— WHAT THE TASK ASKS —
Transcribe, exactly and without pictures, the lines below from the line with "黄色コースには、鮮やかな色のつつじが咲き始め、「花がいっぱい咲いてるねー。」" to the line with "Бетоносмеситель БСН-180П, мощность", both ends included, and no others.
---------- ENTRIES SHOWN
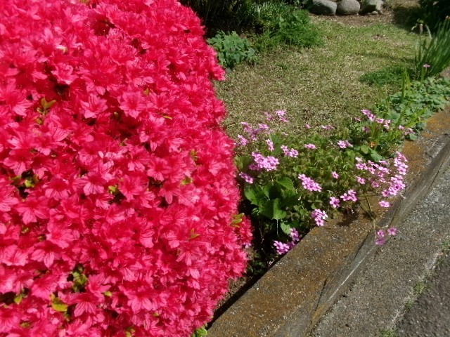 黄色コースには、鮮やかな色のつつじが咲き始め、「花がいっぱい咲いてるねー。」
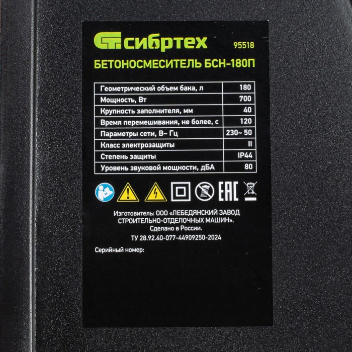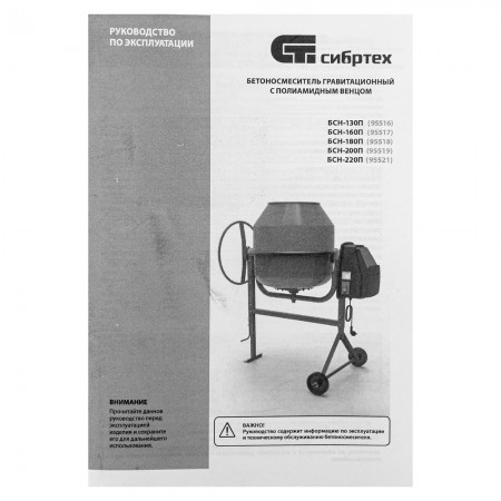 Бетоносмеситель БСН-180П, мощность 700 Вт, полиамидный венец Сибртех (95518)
--------------------
---------- ENTRIES SHOWN
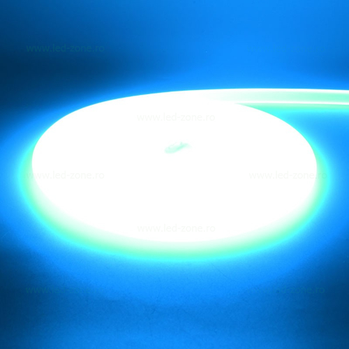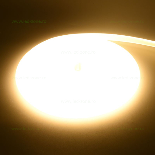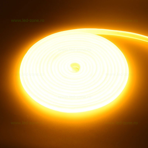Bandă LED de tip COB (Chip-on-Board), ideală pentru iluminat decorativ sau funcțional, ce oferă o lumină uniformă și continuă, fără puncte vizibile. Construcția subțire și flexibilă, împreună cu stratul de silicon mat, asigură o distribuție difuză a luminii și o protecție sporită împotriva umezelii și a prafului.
--------------------
---------- ENTRIES SHOWN
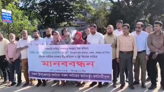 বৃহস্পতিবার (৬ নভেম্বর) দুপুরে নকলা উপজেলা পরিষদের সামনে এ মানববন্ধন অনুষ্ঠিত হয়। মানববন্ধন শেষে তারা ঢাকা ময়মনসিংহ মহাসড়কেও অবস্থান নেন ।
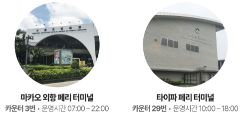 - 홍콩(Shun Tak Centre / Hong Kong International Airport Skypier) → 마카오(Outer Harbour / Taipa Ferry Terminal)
--------------------
— WORKED SOLUTION —
 黄色コースには、鮮やかな色のつつじが咲き始め、「花がいっぱい咲いてるねー。」
 Бетоносмеситель БСН-180П, мощность 700 Вт, полиамидный венец Сибртех (95518)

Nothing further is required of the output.